**ACTION ITEM:** Leave out the pictures, and retype only the lines from the beginning of the material through the line that contains "Modular Washable 8-Seater", including both.

**SOURCE DATA:**
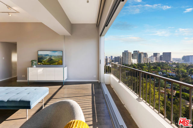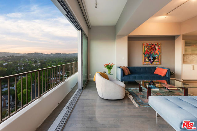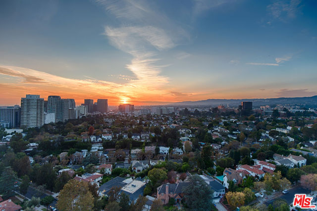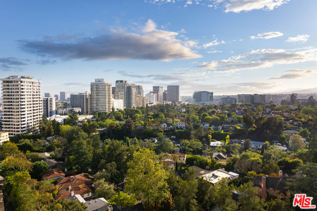 Perched high above the city in the prestigious Wilshire Regent, this exquisitely reimagined two-bedroom, two-bath residence offers sweeping northern vistas of Little Holmby and Bel Air from every room. Soaring ceilings elevate the sense of space, while the open-concept kitchen stuns with custom cabinetry, and Bosch appliances. The living room features new floor to ceiling sliding glass doors opening to a balcony with majestic views. Perfect for entertaining, the living space includes a bar and wine refrigerator. The primary suite boasts dual walk-in closets, providing ample storage, and a beautiful primary bath. The well appointed secondary bedroom contains built-in storage, a large closet, and a dedicated bath. Residents enjoy access to an impressive suite of amenities including 24/7 concierge, valet parking, pool, sun deck, state-of-the-art fitness center, banquet and conference rooms, and more. ALL UTILITIES ARE INCLUDED IN THE HOA (Electric, Water, Trash, Cable, Wi-fi).
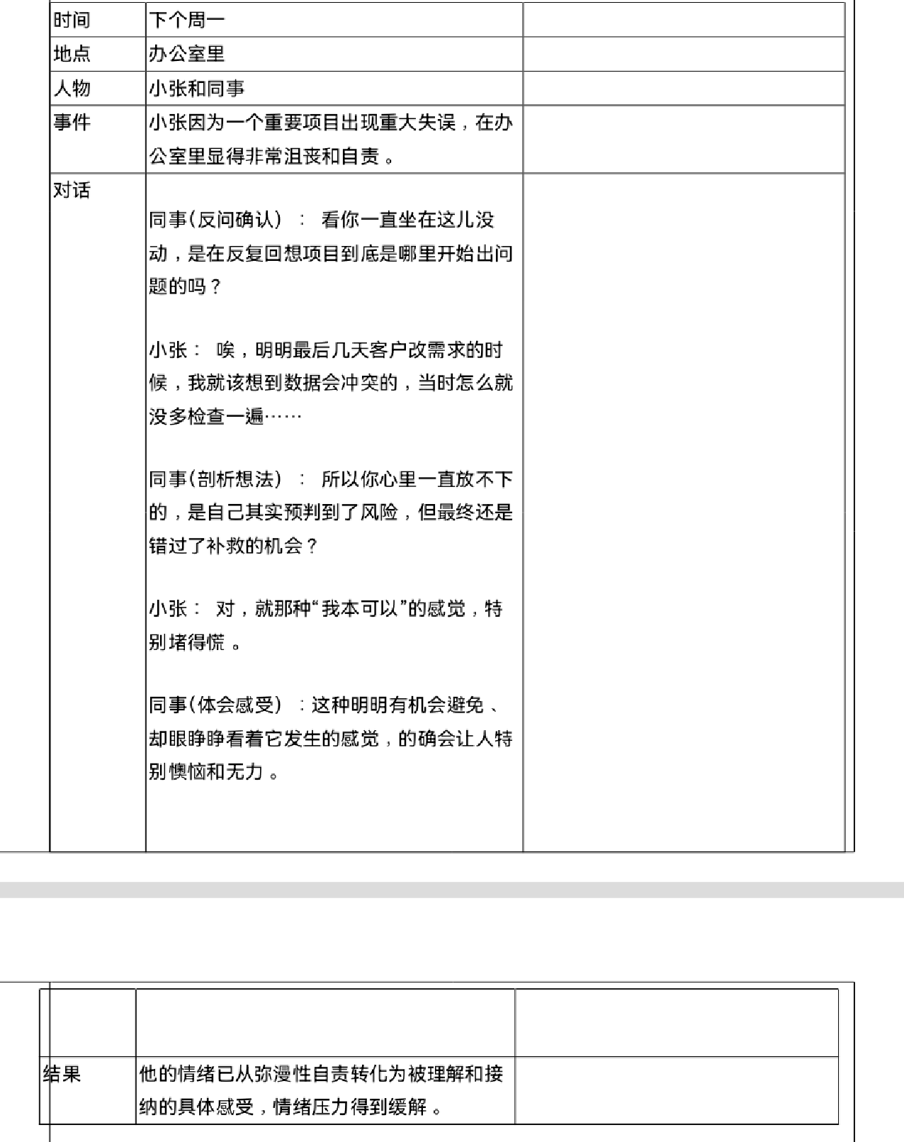 拆书家:为了帮助大家更好的理解“移情聆听”和“同情”,我们来看一个具体的例子:小张因为一个重要项目出现重大失误,在办公室里显得非常沮丧和自责。
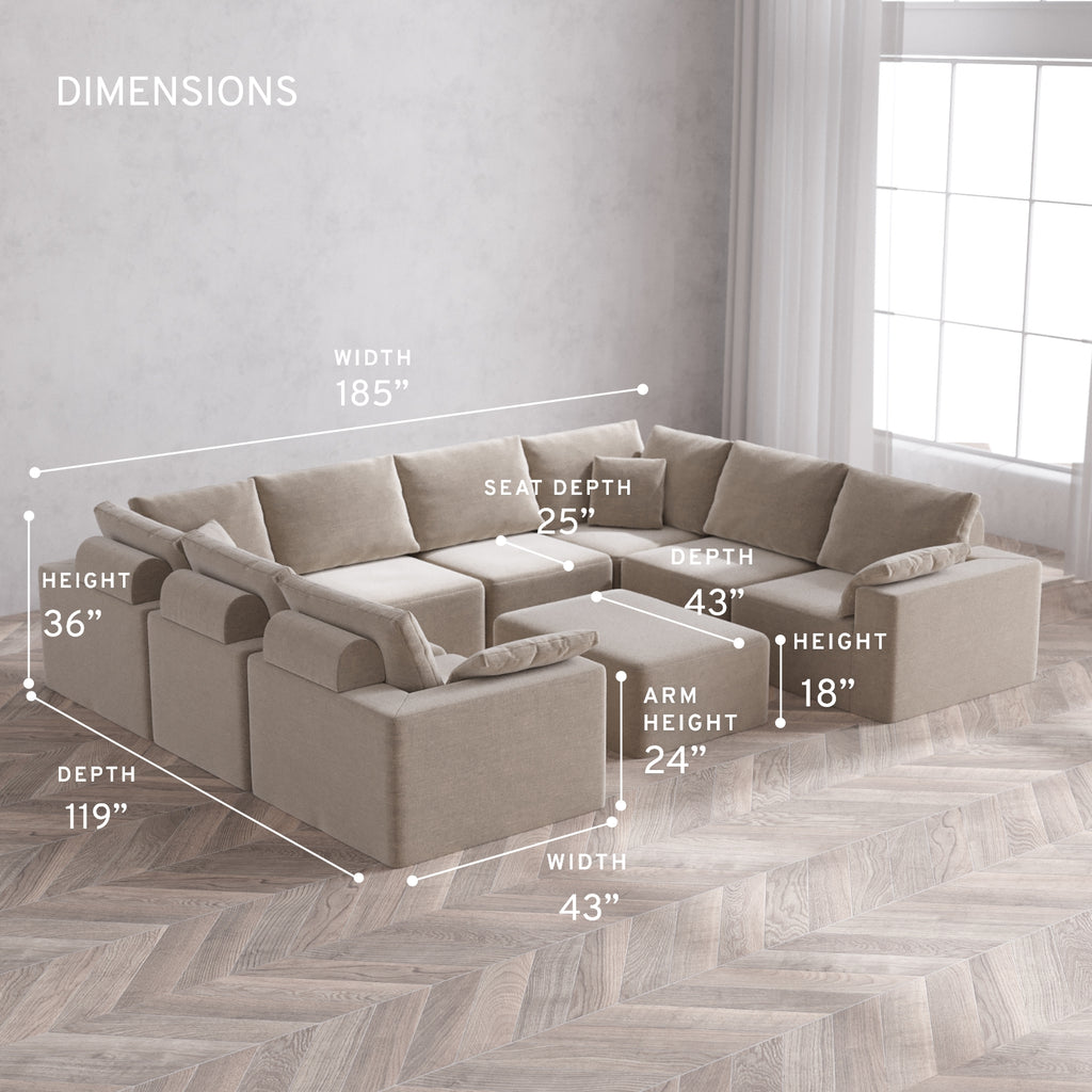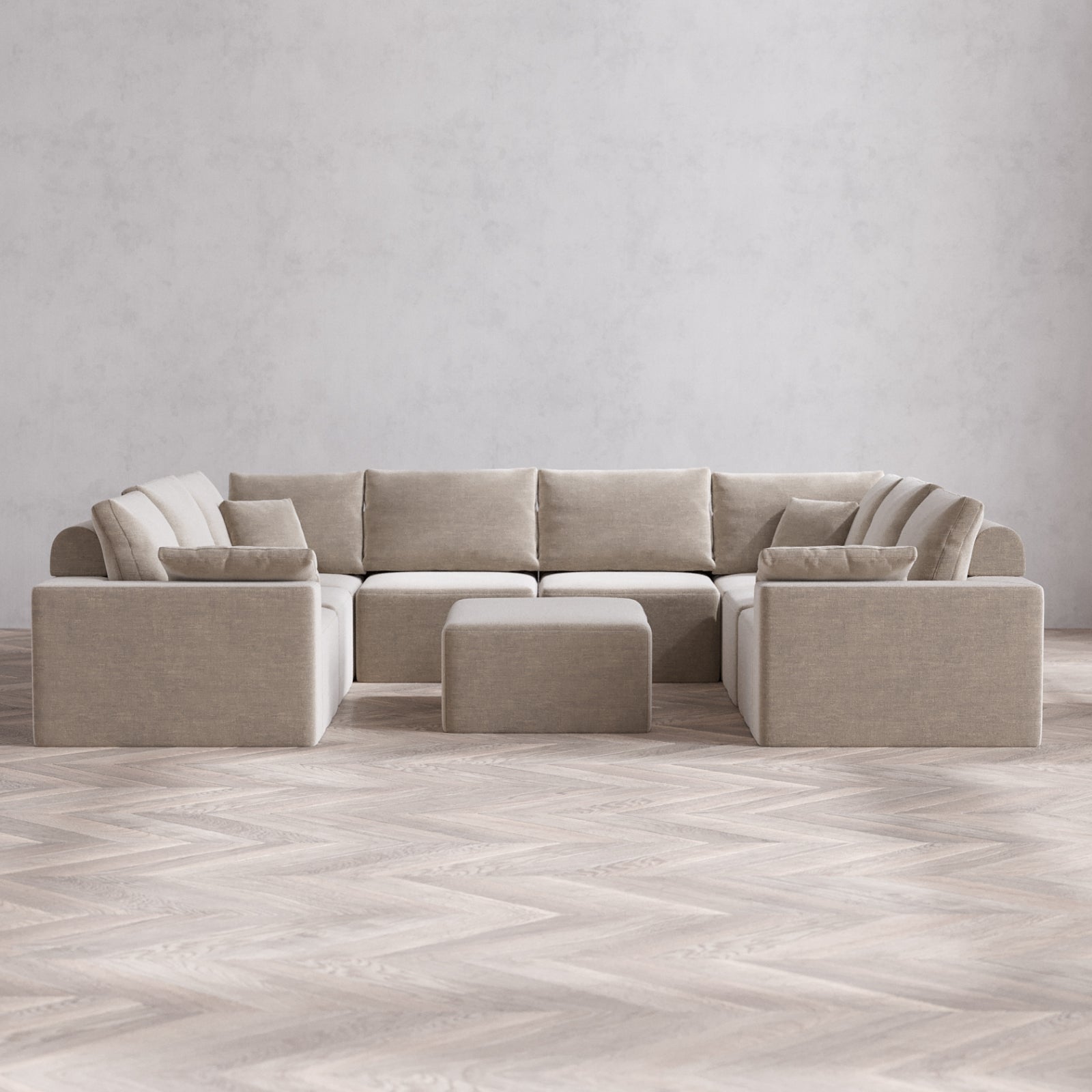 Modular Washable 8-Seater U Sectional + Chaise Ottoman Cloud + Bolster Sofa | Satin Velvet in Caraway
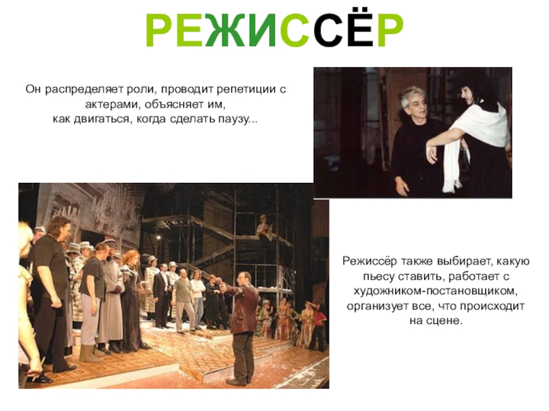 Режиссёр также выбирает, какую пьесу ставить, работает с художником-постановщиком,
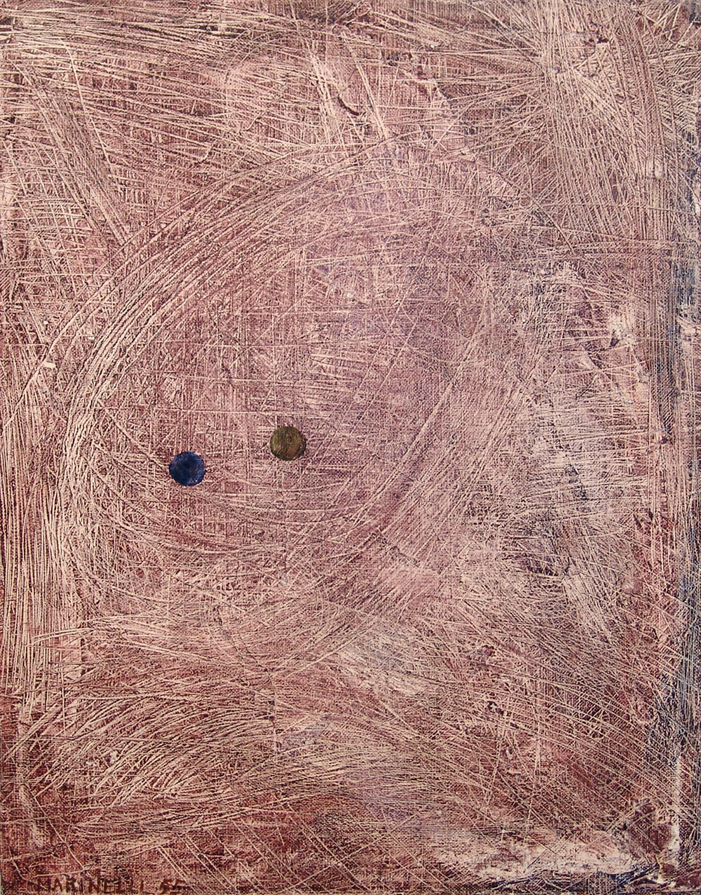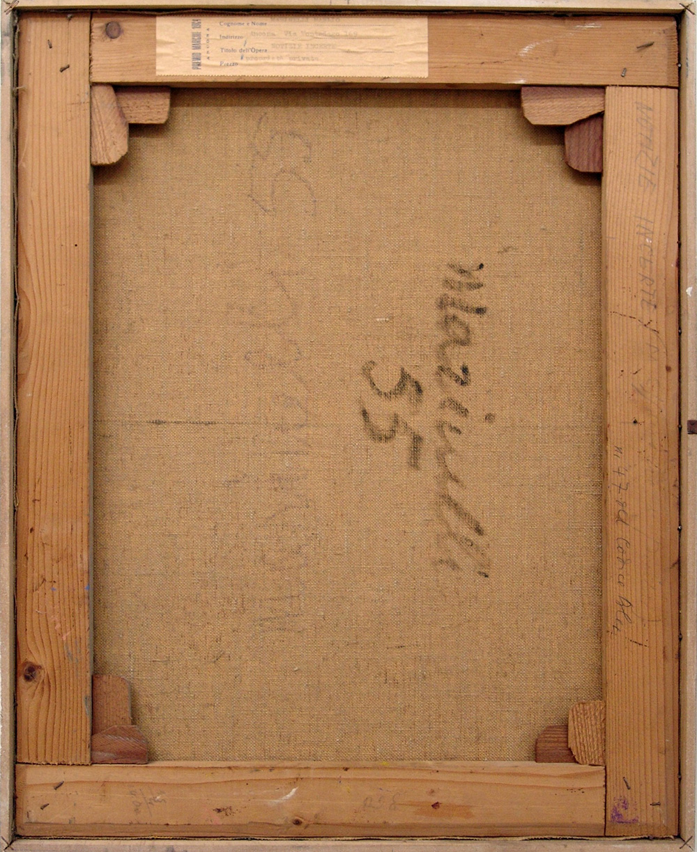Manlio Marinelli 1919, Ancona (An) - 1998, Ancona (An) - [Italia] Notizie incerte tecnica mista su tela 50x40 cm 1955 firma dell’artista in basso a sinistra e sul retro certificato di autenticità Picenum; cartiglio sul retro Premio Marche, Ancona 1964
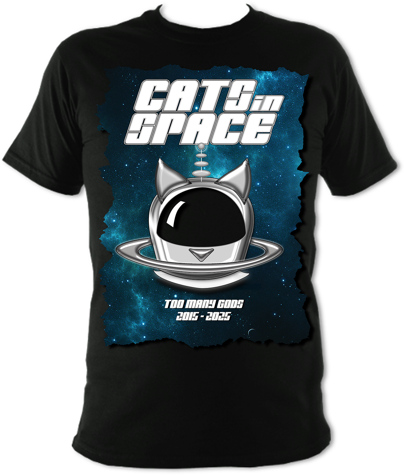 Don’t miss out on the CATS in SPACE 10 Year Anniversary Too Many Gods Tour Tee. These fan favourites are flying off the shelves at our Merch stall during the UK Tour 2025 - get yours while you still can!

**SOLUTION TO THE PROBLEM:**
 Perched high above the city in the prestigious Wilshire Regent, this exquisitely reimagined two-bedroom, two-bath residence offers sweeping northern vistas of Little Holmby and Bel Air from every room. Soaring ceilings elevate the sense of space, while the open-concept kitchen stuns with custom cabinetry, and Bosch appliances. The living room features new floor to ceiling sliding glass doors opening to a balcony with majestic views. Perfect for entertaining, the living space includes a bar and wine refrigerator. The primary suite boasts dual walk-in closets, providing ample storage, and a beautiful primary bath. The well appointed secondary bedroom contains built-in storage, a large closet, and a dedicated bath. Residents enjoy access to an impressive suite of amenities including 24/7 concierge, valet parking, pool, sun deck, state-of-the-art fitness center, banquet and conference rooms, and more. ALL UTILITIES ARE INCLUDED IN THE HOA (Electric, Water, Trash, Cable, Wi-fi).
 拆书家:为了帮助大家更好的理解“移情聆听”和“同情”,我们来看一个具体的例子:小张因为一个重要项目出现重大失误,在办公室里显得非常沮丧和自责。
 Modular Washable 8-Seater U Sectional + Chaise Ottoman Cloud + Bolster Sofa | Satin Velvet in Caraway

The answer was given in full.